Pictures in the entries below are to be left out; otherwise, reproduce exactly the lines from the first through the line containing "After diverging from".
Input data section start
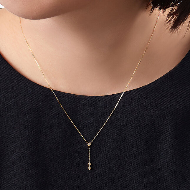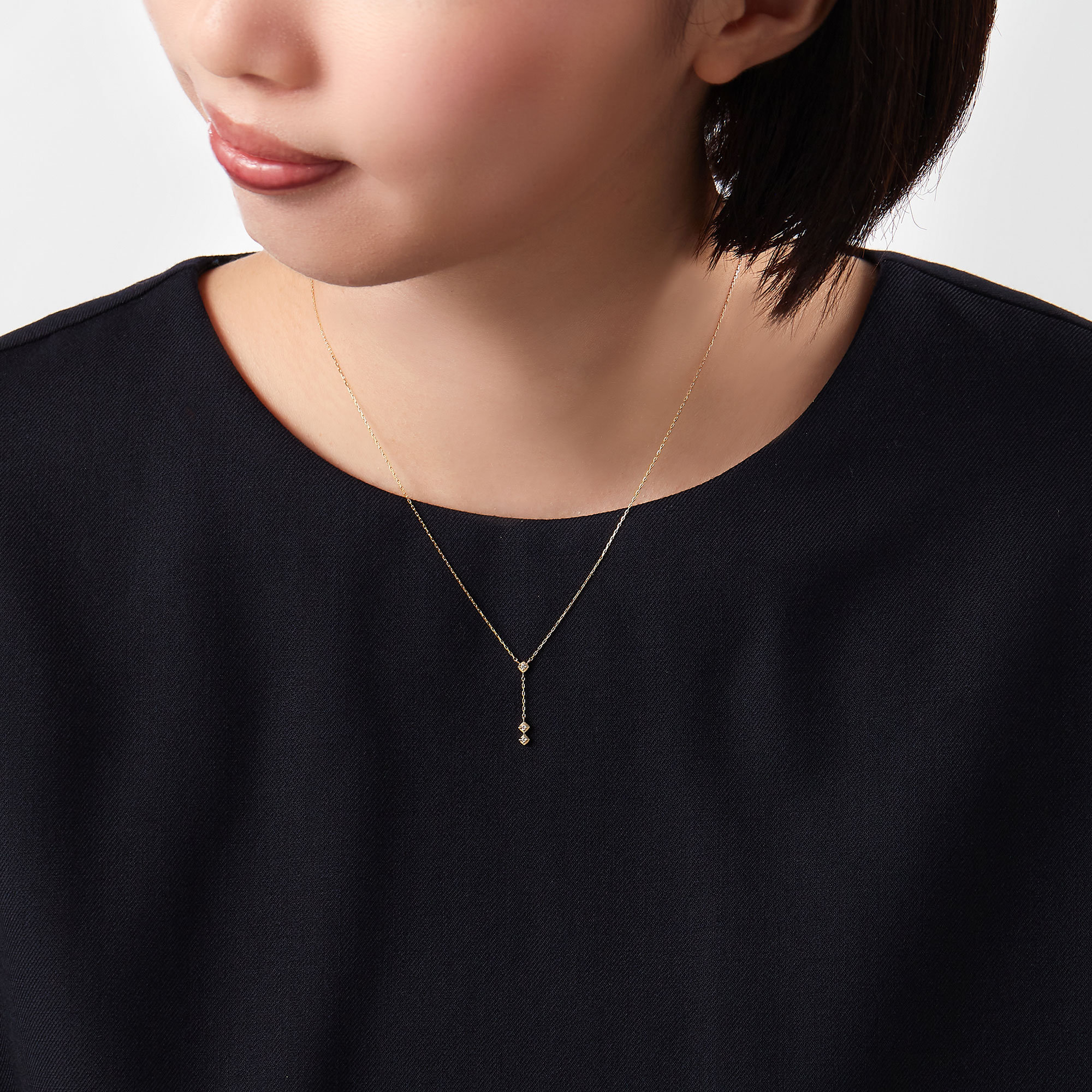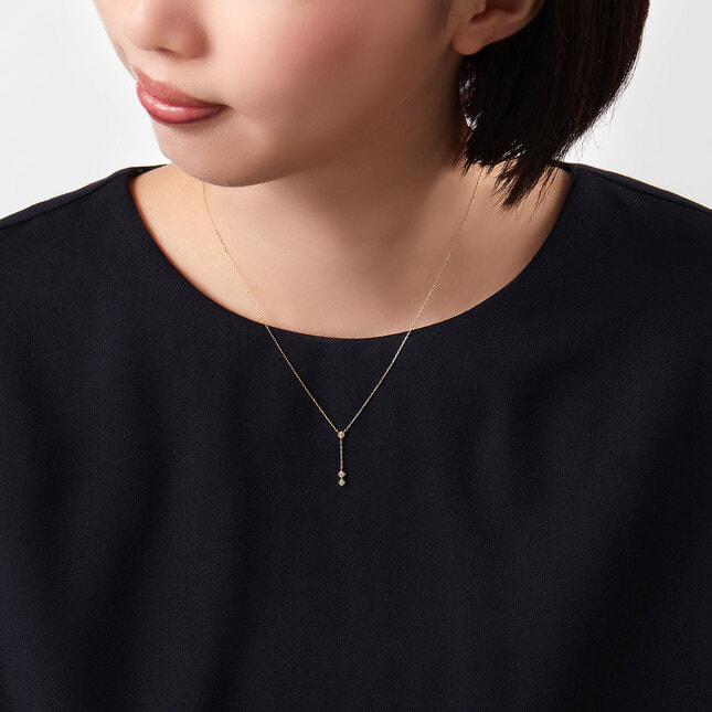 Y字のフォルムがデコルテにモダンな輝きをプラスするネックレス。
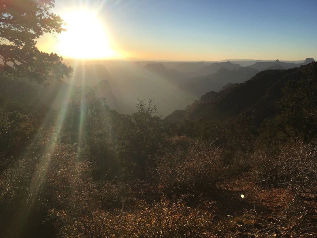 After diverging from the Arizona Trail onto a wide dirt road and walking it for a few miles, the Grand Canyon finally came into view.
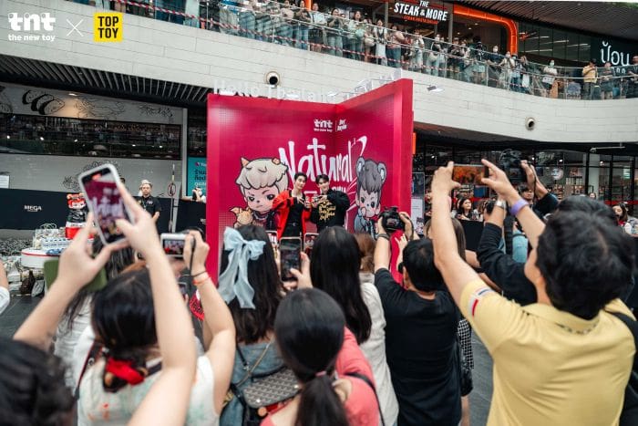 tnt (ทีเอ็นที) แบรนด์อาร์ตทอยหน้าใหม่จากประเทศจีน สร้างปรากฏการณ์สะเทือนวงการของเล่นไทยอย่างยิ่งใหญ่ในการเปิดตัวครั้งแรกสุดสัปดาห์ที่ผ่านมา โดยร่วมมือกับ TOPTOY (ท็อปทอย) ร้านมัลติแบรนด์ของเล่นชื่อดัง จัดกิจกรรมแฟลชอีเวนต์ “Rayan Born to Explore” ที่ไม่เพียงแต่ดึงดูดนักสะสมและผู้บริโภคหลายพันคนให้มาต่อคิวรอซื้อสินค้าอย่างล้นหลาม แต่ยังได้เชิญสองนักแสดงหนุ่มชื่อดังของไทยอย่าง ฟอส และ บุ๊ค มาร่วมงานอย่างใกล้ชิด นับเป็นก้าวแรกที่สำคัญในการขยายตลาดสู่ภูมิภาคเอเชียตะวันออกเฉียงใต้ และสร้างความสัมพันธ์ที่แน่นแฟ้นกับฐานแฟนคลับในท้องถิ่น
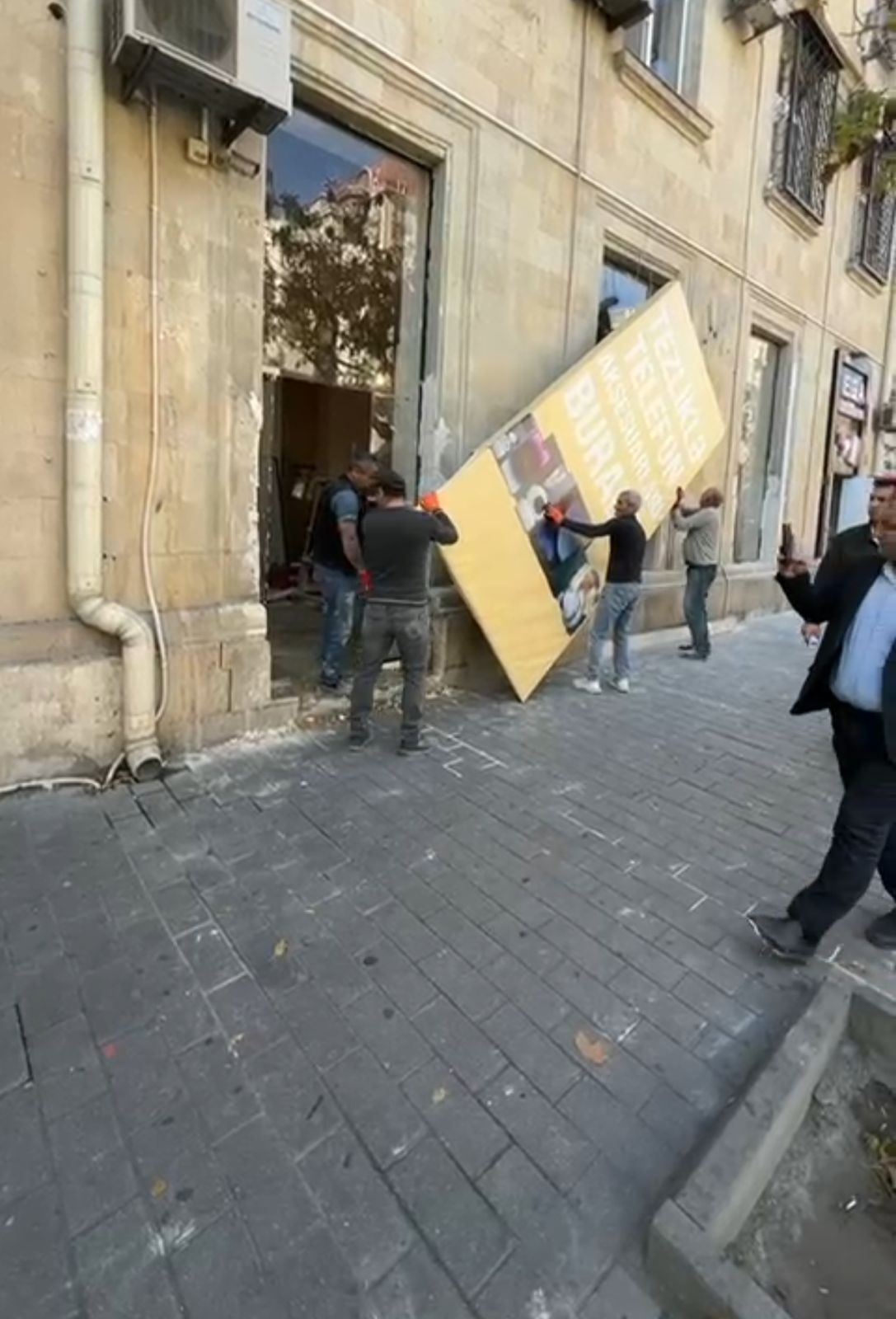 "Bakı Şəhər Memarlıq və Şəhərsalma Baş İdarəsi və Mədəni İrsin Qorunması, İnkişafı və Bərpası üzrə Dövlət Xidməti tərəfindən işlərin dayandırılması ilə bağlı aidiyyəti qurumlar və obyektin sahibləri əvvəlcədən xəbərdar edilsə də, qanunsuz fəaliyyət yenidən davam etdirilərək reklam banerləri ilə gizlədilməyə cəhd göstərilib.
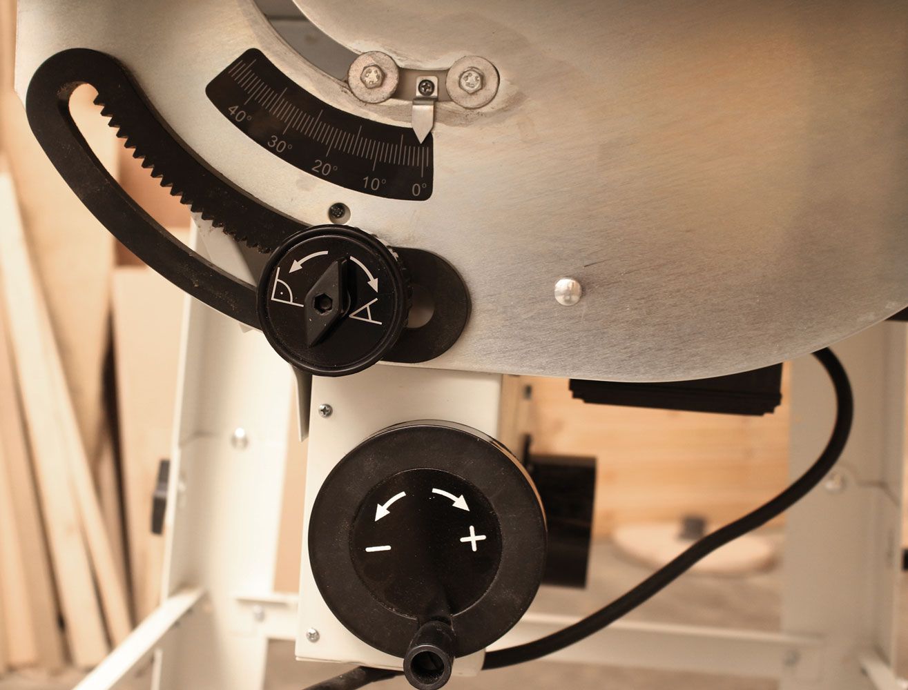 Jet JTS-315LA — мобильная строительная пила с возможностью регулировки наклона и глубины пропила. Предусмотрены съёмный удлинитель стола (входит в стандартную комплектацию) и возможность работы с параллельным или угловым упором. Причем используется для этого один и тот же узел - это основа с угловым транспортиром и съёмная планка-удлинитель. Узел монтируют на поперечную направляющую, фиксируют стопорным винтом и используют как параллельный упор. Для выполнения угловых распилов и для торцевания упор переустанавливают на длинную сторону стола, вдоль которой он может скользить.
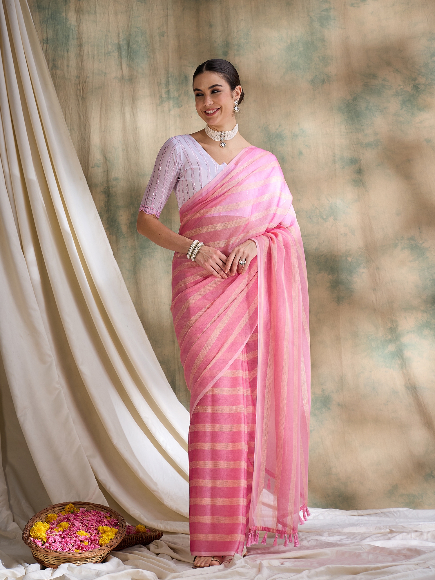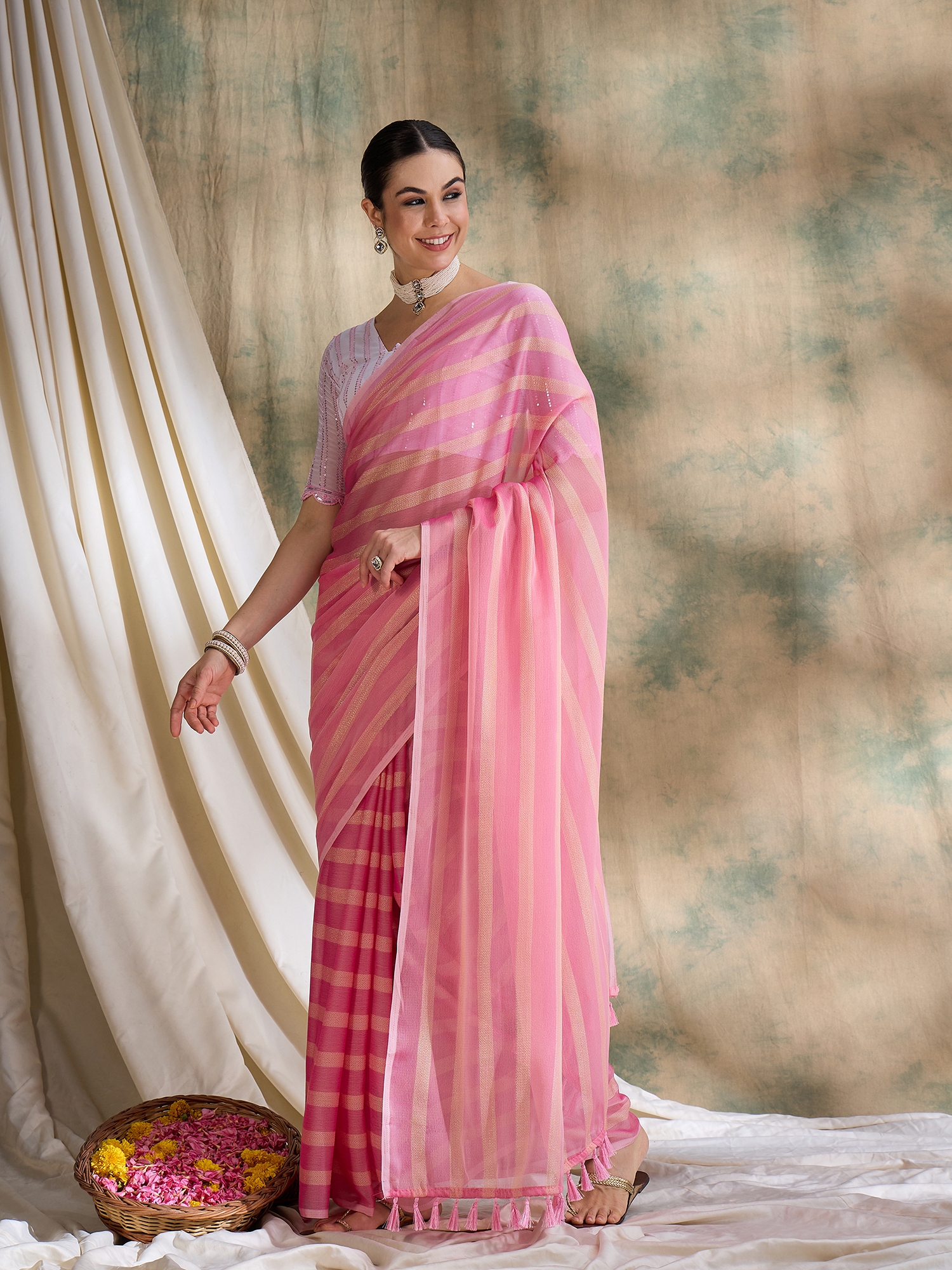 Fashion Dream Womens Pink Vichitra Silk Saree | Soft & Elegant Traditional Wear
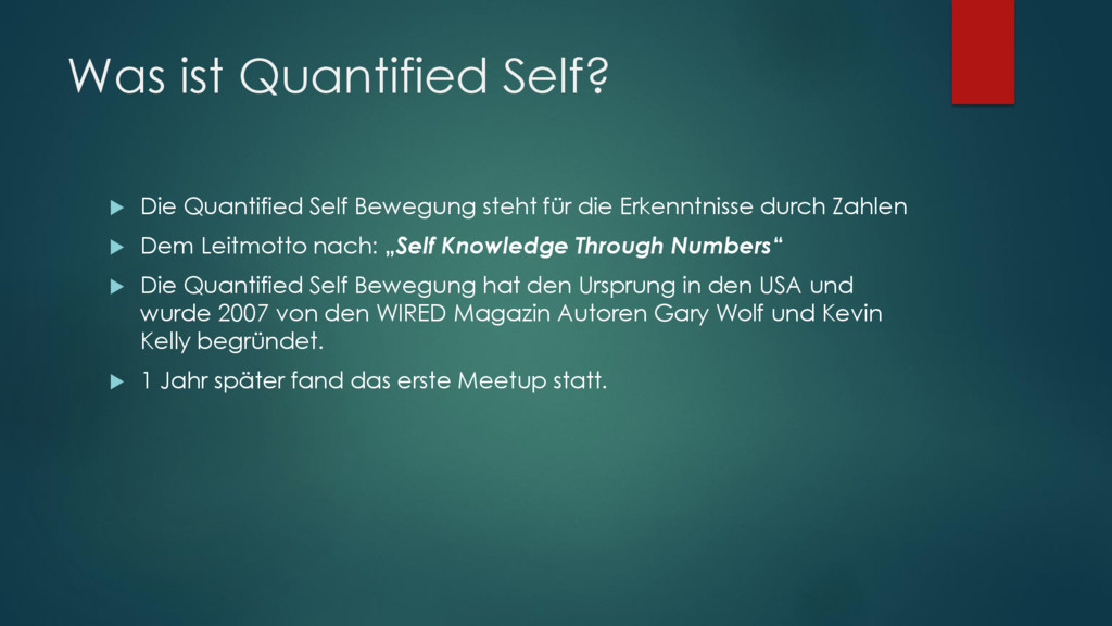 für die Erkenntnisse durch Zahlen Dem Leitmotto nach: „Self Knowledge Through Numbers“ Die Quantified Self Bewegung hat den Ursprung in den USA und wurde 2007 von den WIRED Magazin Autoren Gary Wolf und Kevin Kelly begründet. 1 Jahr später fand das erste Meetup statt.
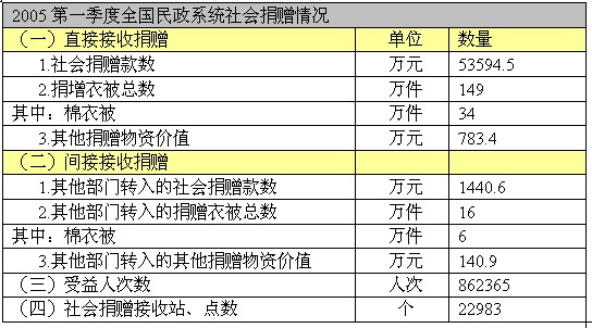 1. 005年第一季度全国民政系统间接接收的社会捐款总数同比增长迅速
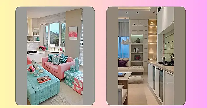 This living room is the definition of “comfy”! Just look at that fluffy pink couch, begging you to curl up with a good book. The pillows are so soft they look like clouds, and the cute little turquoise side table is just the right size to hold your favorite snacks. It’s like stepping into a magazine photo, but way more inviting.
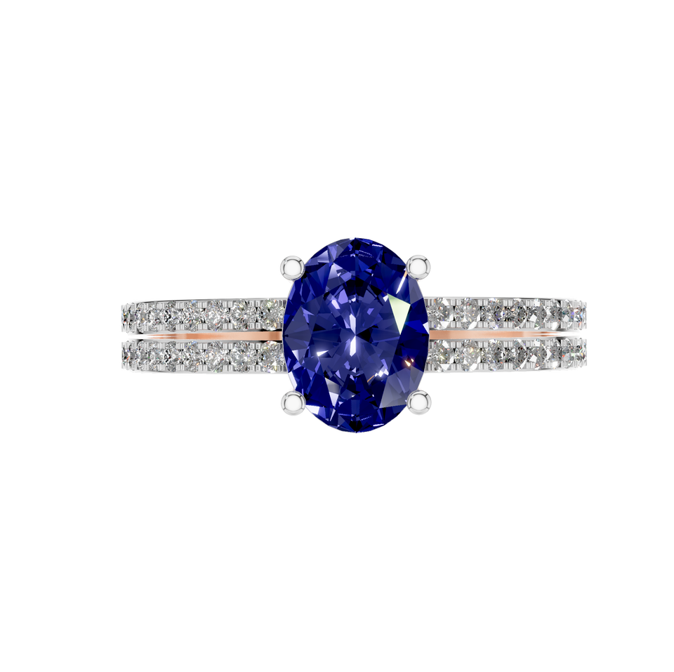 Elegant 14k Solid Gold IGI Lab Grown Diamonds Synthetic Oval Sapphire Ring Unique Cocktail Fine Jewelry Wedding Engagement Party
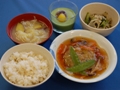・秋の味覚 秋刀魚の蒲焼ご飯 ・煮やっこの野菜あん ・ブロッコリーの甘酢和え ・きのこたっぷりスープ ・お茶ゼリーの豆乳デザート
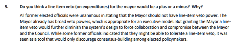 None of the former elected officials like the idea of giving the mayor a line item veto, which is something the Charter Commission's work group is considering
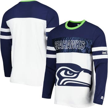 Represent your unwavering support for the Seattle Seahawks with the Men's Starter College Navy/White Seattle Seahawks Halftime Long Sleeve T-Shirt. This officially licensed NFL tee features embroidered fabric applique and screen print graphics that proudly display the Seahawks logo and team colors. The front and back yoke seams, satin inset, and sewn-on sleeve stripes add a touch of sophistication to this classic long sleeve. Whether you're cheering from the stands or simply showing your Seahawks pride, this T-shirt is the perfect way to connect with your favorite team.
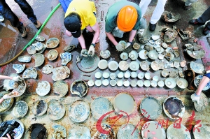 在众多瓷器中,一块直径约60厘米、表面斑驳泛着铜锈的铜板引起记者的注意。“南澳Ⅰ号”考古现场文物组人员告诉记者,这样的铜材还发现很多。孙键也介绍,这些铜板是一摞摞堆积的,而考古现场还出水了为数不少的铜钱。“要不是走私,也是夹带,实际上从宋朝开始铜料已经实行了禁运,明朝万历年间更是如此。”
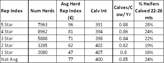 Recent analysis of the fertility performance of the national suckler herd shows that 5 star Replacement Index cows are delivering the best fertility performance for Irish suckler farmers (table 1).
Input data section end
> Solved problem:
 Y字のフォルムがデコルテにモダンな輝きをプラスするネックレス。
 After diverging from the Arizona Trail onto a wide dirt road and walking it for a few miles, the Grand Canyon finally came into view.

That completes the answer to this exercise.